Debt Settlement

Also known as Debt Negotiation, Debt Settlement is an aggressive approach to debt reduction, which is appropriate for debtors with a serious amount of debt or who are considering bankruptcy.

A debt settlement company negotiates with the creditors to settle the debt for a lower amount than owed, as the debtor saves their money for a lump-sum settlement payment. After the debt is settled, the creditor will send a letter stating the debt obligation was fulfilled, and will report to the credit bureaus that the debt has been, “Settled for less than full amount”, “Paid” or “Settled”.

Creditors will usually settle for less than owed when the debtor is under serious financial strain because if the debtor chooses to file bankruptcy, then the creditor gets nothing. Creditors want to get as much money back as they can.

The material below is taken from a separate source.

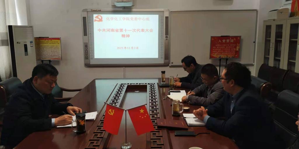 11月2日,成人小说 党委理论学习中心组在化学楼313“党员之家”召开专题会议,传达学习贯彻落实中国共产党河南省第十一次代表大会精神。学院党委理论学习中心组成员及党支部书记代表一起参加了会议。党委书记郭鹏主持会议。

Debt Settlement is a way to get out of debt in the shortest amount of time, and with the least amount of money without filing for bankruptcy. There are some drawbacks though. The IRS considers a forgiven debt as taxable income, so at the end of the year, they will expect taxes to be paid on the settlement. The IRS, however, has a form (#982) available for special hardships. Debt Settlement can also be harmful to a debtor’s credit-rating while they are in the process of settling their debts because creditors won’t agree to settle on an account that remains current. The debtor’s credit report will reflect that they are behind in payments until the debts are settled.